Task goal = Please print, exactly as written, the line containing "Merco meracia podložka pre skok do diaľky z" and each line after it through the end of the material; pictures stay out.

Data block =
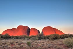 his tour takes you to the inspiring red-hued sedimentary rock domes of Kata Tjuta to watch the sunset. They are thought to have originally been one huge piece of rock, much like Uluru, that has weathered over millions of years to become an intriguing series of individual formations. As evening approaches, each passing minute brings something new as the domes continue to change colour with the setting sun.
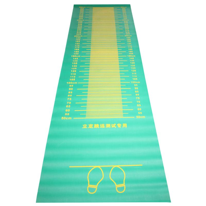 Merco meracia podložka pre skok do diaľky z miesta všetky tieto požiadavky 100 % spĺňa. Merco meracia podložka pre skok do diaľky snožmo je vyrobená z 3,5 mm silnej ťažkej gumy, ktorá nešmýka, pohlcuje nárazy a hluk, vyniká výnimočnou životnosťou, je odolná voči UV žiareniu, je nehorľavá, zdravotne nezávadná, bez zápachu a veľmi ľahko sa udržiava. Meraciu podložku pre skok do diaľky z miesta značky Merco ponúkame v červenom a zelenom prevedení. Obe farebné varianty v rozmere 3,5 x 1 m a obe varianty s kontrastnou a dlhotrvajúcou potlačou odrazovej značky a mierky od 50 do 300 cm zobrazeného po 1 cm. A ešte raz k pravidlám. Skákajúca osoba sa z vyznačeného miesta odrazu z úzko rozkročeného stoja snaží snožmo skočiť čo najďalej vpred. Povolené sú pomocné pohyby paží a trupu, naopak nie je dovolený poskok pred odrazom. Dĺžka skoku sa meria od odrazovej čiary po pätu nohy, ktorá je bližšie k miestu odrazu. Váš výsledný výkon si potom môžete porovnať v našej výkonnostnej tabuľke, ktorú sme umiestnili medzi ostatné fotografie produktu.
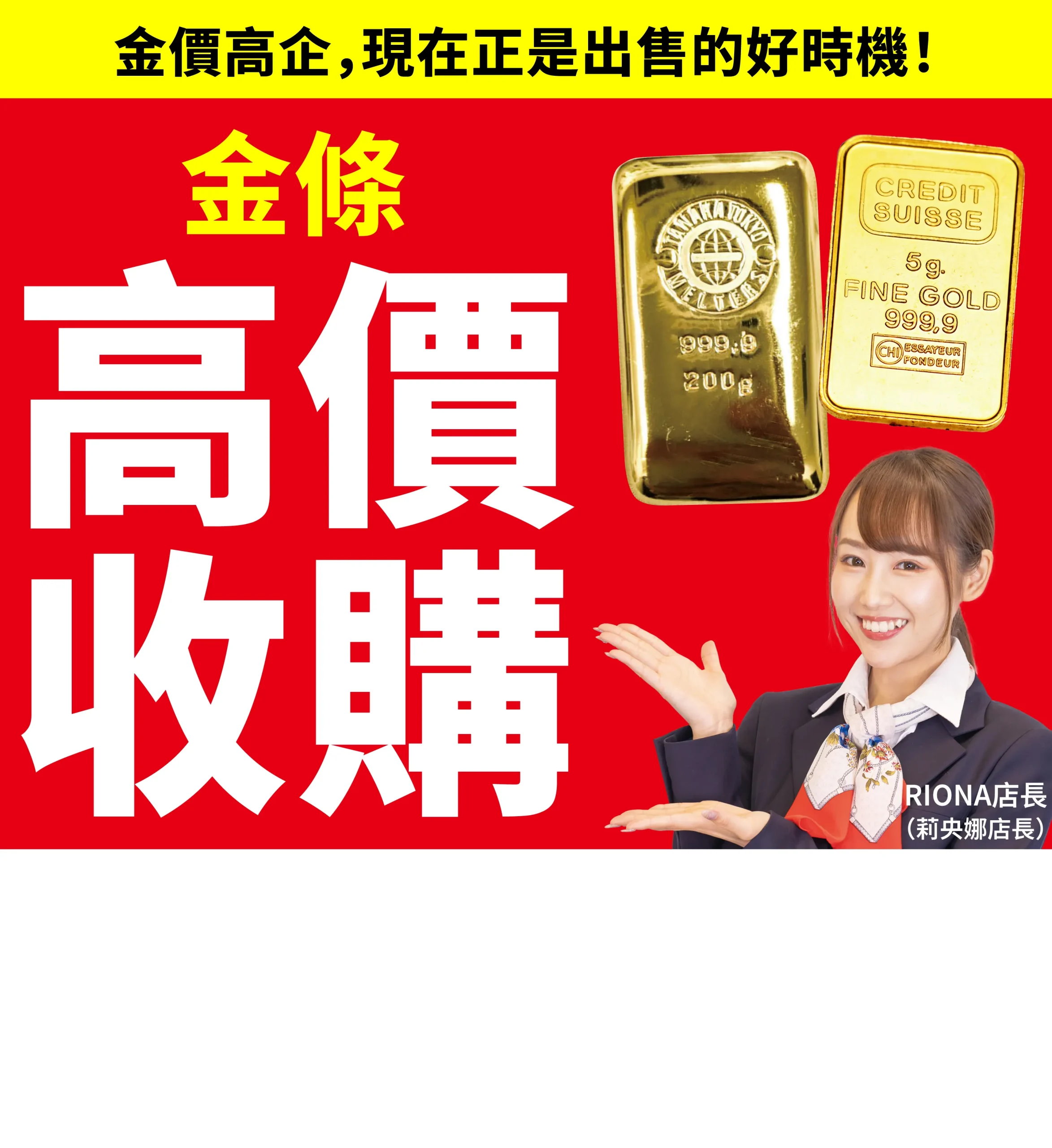 金條指的是經過精煉與固化後的黃金,原料僅使用純金(K24)。因此, 受到近年金價飆漲的影響,黃金金條的收購價格也隨之攀升。然而, 黃金的價值不保證會維持高檔,因此若您想出售,現在正是能高價收購的絕佳時機。
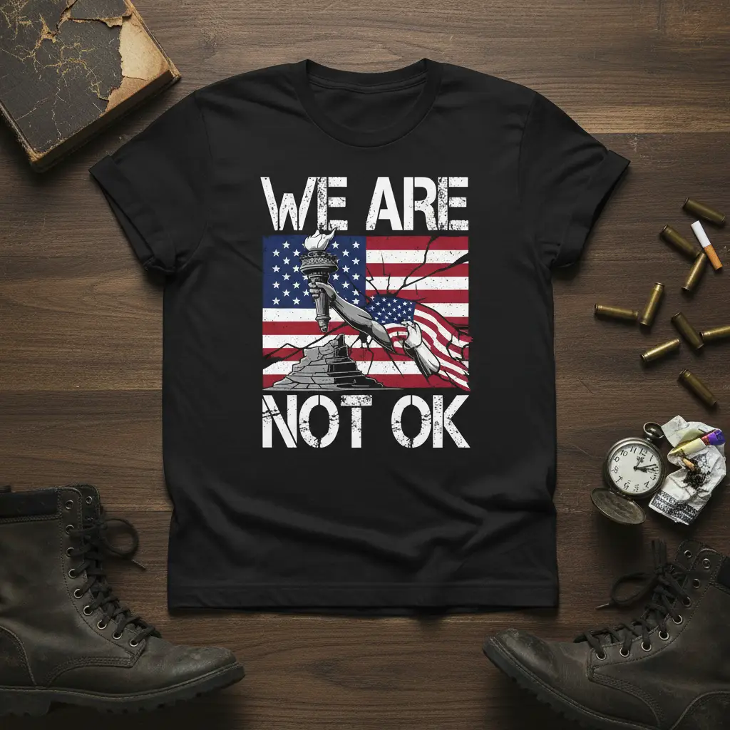 This design captures a profound sense of unease and calls for attention to critical issues facing the nation. The distressed American flag symbolizes the challenges and complexities of the current times, while the Statue of Liberty stands as a reminder of the ideals we strive for. The bold white lettering, “WE ARE NOT OK,” leaves no room for ambiguity, making a clear and resonant statement.

Exercise solution =
 Merco meracia podložka pre skok do diaľky z miesta všetky tieto požiadavky 100 % spĺňa. Merco meracia podložka pre skok do diaľky snožmo je vyrobená z 3,5 mm silnej ťažkej gumy, ktorá nešmýka, pohlcuje nárazy a hluk, vyniká výnimočnou životnosťou, je odolná voči UV žiareniu, je nehorľavá, zdravotne nezávadná, bez zápachu a veľmi ľahko sa udržiava. Meraciu podložku pre skok do diaľky z miesta značky Merco ponúkame v červenom a zelenom prevedení. Obe farebné varianty v rozmere 3,5 x 1 m a obe varianty s kontrastnou a dlhotrvajúcou potlačou odrazovej značky a mierky od 50 do 300 cm zobrazeného po 1 cm. A ešte raz k pravidlám. Skákajúca osoba sa z vyznačeného miesta odrazu z úzko rozkročeného stoja snaží snožmo skočiť čo najďalej vpred. Povolené sú pomocné pohyby paží a trupu, naopak nie je dovolený poskok pred odrazom. Dĺžka skoku sa meria od odrazovej čiary po pätu nohy, ktorá je bližšie k miestu odrazu. Váš výsledný výkon si potom môžete porovnať v našej výkonnostnej tabuľke, ktorú sme umiestnili medzi ostatné fotografie produktu.
 金條指的是經過精煉與固化後的黃金,原料僅使用純金(K24)。因此, 受到近年金價飆漲的影響,黃金金條的收購價格也隨之攀升。然而, 黃金的價值不保證會維持高檔,因此若您想出售,現在正是能高價收購的絕佳時機。
 This design captures a profound sense of unease and calls for attention to critical issues facing the nation. The distressed American flag symbolizes the challenges and complexities of the current times, while the Statue of Liberty stands as a reminder of the ideals we strive for. The bold white lettering, “WE ARE NOT OK,” leaves no room for ambiguity, making a clear and resonant statement.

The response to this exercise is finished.